Een andere oorzaak voor hoesten, naast longoedeem, is irritatie van de luchtpijp door de vergrote linker boezem. De boezem drukt dan tijdens elke samentrekking van het hart tegen de luchtpijp, wat zorgt voor een hoestprikkel.
De hartslag wordt gereguleerd met behulp van elektrische prikkels, die door de hartspier lopen. Als de linkerboezem groter wordt, kan het zijn dat deze prikkels niet meer normaal over de hartspier lopen. Er kan dan ook een hartritmestoornis ontstaan.
Diagnose
De diagnose wordt gesteld doordat er bij hartauscultatie een hartruis wordt gehoord (Bij mitralis insufficiëntie is er altijd sprake van een hartruis, alleen niet iedere hartruis is mitralis insufficiëntie). Soms worden er bij de auscultatie ook longafwijkingen waargenomen (door het vocht in de longen).

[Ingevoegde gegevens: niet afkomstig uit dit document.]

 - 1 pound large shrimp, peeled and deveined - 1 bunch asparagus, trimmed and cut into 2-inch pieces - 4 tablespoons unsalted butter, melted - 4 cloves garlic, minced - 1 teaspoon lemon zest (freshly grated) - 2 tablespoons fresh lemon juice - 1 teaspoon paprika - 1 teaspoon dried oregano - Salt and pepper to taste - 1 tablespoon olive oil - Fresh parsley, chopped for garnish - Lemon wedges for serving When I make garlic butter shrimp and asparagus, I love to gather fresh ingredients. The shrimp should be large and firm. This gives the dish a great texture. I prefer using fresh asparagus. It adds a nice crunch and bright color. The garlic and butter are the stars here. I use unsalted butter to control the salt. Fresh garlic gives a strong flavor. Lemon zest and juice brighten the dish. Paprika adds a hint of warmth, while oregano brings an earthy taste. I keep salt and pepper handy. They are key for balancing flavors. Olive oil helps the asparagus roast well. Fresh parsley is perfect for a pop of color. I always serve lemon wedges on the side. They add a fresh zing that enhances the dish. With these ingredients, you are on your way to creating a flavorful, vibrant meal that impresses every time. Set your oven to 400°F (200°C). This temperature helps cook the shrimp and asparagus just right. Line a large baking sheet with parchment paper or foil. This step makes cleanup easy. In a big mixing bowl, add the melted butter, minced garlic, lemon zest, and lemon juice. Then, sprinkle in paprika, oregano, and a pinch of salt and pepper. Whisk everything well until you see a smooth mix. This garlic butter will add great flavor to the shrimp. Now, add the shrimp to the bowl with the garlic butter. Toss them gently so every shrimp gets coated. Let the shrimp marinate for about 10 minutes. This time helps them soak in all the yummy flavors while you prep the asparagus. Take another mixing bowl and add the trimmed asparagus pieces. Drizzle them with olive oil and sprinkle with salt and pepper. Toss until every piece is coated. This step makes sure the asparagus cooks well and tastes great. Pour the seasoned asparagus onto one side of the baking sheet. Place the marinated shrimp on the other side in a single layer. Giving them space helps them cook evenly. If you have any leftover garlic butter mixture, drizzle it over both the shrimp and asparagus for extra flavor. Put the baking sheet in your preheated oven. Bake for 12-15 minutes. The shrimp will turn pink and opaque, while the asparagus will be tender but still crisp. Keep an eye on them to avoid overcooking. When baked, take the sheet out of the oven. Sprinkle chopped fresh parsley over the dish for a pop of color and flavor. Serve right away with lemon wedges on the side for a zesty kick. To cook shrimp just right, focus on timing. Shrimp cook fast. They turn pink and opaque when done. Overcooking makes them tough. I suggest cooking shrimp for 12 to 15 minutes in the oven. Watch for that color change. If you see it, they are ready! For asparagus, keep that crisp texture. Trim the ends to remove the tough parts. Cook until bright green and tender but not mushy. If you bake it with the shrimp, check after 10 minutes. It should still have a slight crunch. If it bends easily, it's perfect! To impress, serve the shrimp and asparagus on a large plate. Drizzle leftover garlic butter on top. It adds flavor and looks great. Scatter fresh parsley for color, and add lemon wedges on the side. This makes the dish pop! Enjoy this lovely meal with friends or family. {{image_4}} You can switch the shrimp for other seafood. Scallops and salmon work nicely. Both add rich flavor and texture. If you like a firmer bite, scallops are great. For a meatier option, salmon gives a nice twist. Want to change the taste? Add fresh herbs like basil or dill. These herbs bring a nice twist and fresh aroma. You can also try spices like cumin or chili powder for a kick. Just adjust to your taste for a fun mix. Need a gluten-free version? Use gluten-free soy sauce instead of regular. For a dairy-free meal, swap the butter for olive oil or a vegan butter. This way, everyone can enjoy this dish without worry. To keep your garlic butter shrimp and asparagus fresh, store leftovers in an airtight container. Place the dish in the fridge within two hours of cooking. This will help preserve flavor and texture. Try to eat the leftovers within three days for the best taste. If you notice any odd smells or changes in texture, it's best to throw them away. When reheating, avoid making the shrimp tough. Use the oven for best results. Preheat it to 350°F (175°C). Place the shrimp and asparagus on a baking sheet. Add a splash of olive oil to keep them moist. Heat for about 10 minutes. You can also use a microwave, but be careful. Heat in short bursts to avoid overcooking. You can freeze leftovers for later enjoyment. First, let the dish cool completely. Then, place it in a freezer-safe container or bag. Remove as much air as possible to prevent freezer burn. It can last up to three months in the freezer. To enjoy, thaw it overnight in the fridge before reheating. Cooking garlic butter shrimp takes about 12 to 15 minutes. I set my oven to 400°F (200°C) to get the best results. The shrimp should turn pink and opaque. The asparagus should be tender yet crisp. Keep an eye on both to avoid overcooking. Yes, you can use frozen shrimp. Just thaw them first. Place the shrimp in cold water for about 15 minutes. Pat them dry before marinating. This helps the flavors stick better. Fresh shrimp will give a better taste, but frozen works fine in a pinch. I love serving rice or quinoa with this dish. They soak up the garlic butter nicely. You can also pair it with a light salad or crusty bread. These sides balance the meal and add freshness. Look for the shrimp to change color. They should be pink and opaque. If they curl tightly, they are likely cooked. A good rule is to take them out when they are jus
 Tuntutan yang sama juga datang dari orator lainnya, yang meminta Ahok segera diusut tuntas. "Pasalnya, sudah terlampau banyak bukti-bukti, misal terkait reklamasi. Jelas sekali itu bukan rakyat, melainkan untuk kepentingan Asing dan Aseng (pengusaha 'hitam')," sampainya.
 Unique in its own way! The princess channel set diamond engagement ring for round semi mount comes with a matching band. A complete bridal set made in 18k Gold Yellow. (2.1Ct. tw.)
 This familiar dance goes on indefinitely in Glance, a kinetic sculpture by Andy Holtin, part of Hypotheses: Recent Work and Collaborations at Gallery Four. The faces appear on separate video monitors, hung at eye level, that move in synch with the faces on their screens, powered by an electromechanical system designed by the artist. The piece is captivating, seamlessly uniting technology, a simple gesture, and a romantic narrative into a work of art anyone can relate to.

Bij een röntgenfoto is soms een vergroot hart zichtbaar en soms ook longoedeem (hartkleppen zijn niet zichtbaar op een röntgenfoto)
Met een echo kunnen de kleppen zelf in beeld worden gebracht en kan de grootte van het hart worden bepaald.
Ook bloedonderzoek op NT-proBNP kan een indicatie zijn voor hartproblemen, door de rek op de hartspier kunnen er enzymen van de hartspier zijn vrijgekomen (dit is echter niet specifiek voor MI maar wordt wel een indicatie zijn voor hartproblemen).
De uiteindelijke diagnose wordt gesteld door een combinatie van bovengenoemde onderzoeken.
Therapie
Als er een vergroot hart gevonden is, is het verstandig om de hond te gaan behandelen (ook al zijn er nog geen klachten, uit onderzoek blijkt dat de levensverwachting van de hond met 15 maanden toeneemt als je begint met behandelen voordat er klachten zijn ontstaan, uit ). In het beginstadium (zonder vergroot hart) is behandeling met medicijnen nog niet nodig, wel is het belangrijk om het verloop in de gaten te houden door regelmatige, één tot twee keer per jaar, controles via echografisch onderzoek (de ernst van de hartruis is geen indicatie voor het stadium van de ziekte).
Mitralis insufficiëntie is niet te genezen, de verandering in de kleppen kan niet worden gerepareerd. De therapie is gericht op symptoombestrijding. Medicatie blijft het verdere leven noodzakelijk om het leven langer en leuker te maken.
Er zijn ook hier weer verschillende type medicijnen die gebruikt kunnen worden, afhankelijk van de aard van de klachten:
De prognose is erg wisselend. Over het algemeen is deze bij kleine honden veel beter dan bij grote honden. De progressie van de ziekte wisselt echter per patiënt. Maar sommige honden kunnen nog jaren probleemloos leven met een mitralis insufficiëntie.
Note: DCM/DCM1/DCM2 (de varianten waar op getest kan worden) zijn hoogstwaarschijnlijk niet de erfelijke varianten die bij de Dalmatische hond voorkomen. Voor de Dalmatische hond zijn er nog geen duidelijke DCM testen beschikbaar.
Yara, Lisa en Robbie zijn vrij van de DCM varianten waar op dit moment op kan worden getest: DCM/DCM1/DCM2.
Poppy is nog niet getest.
Yara heeft in april 2023 een preventieve hartecho gehad, waarbij geen afwijkingen zijn geconstateerd.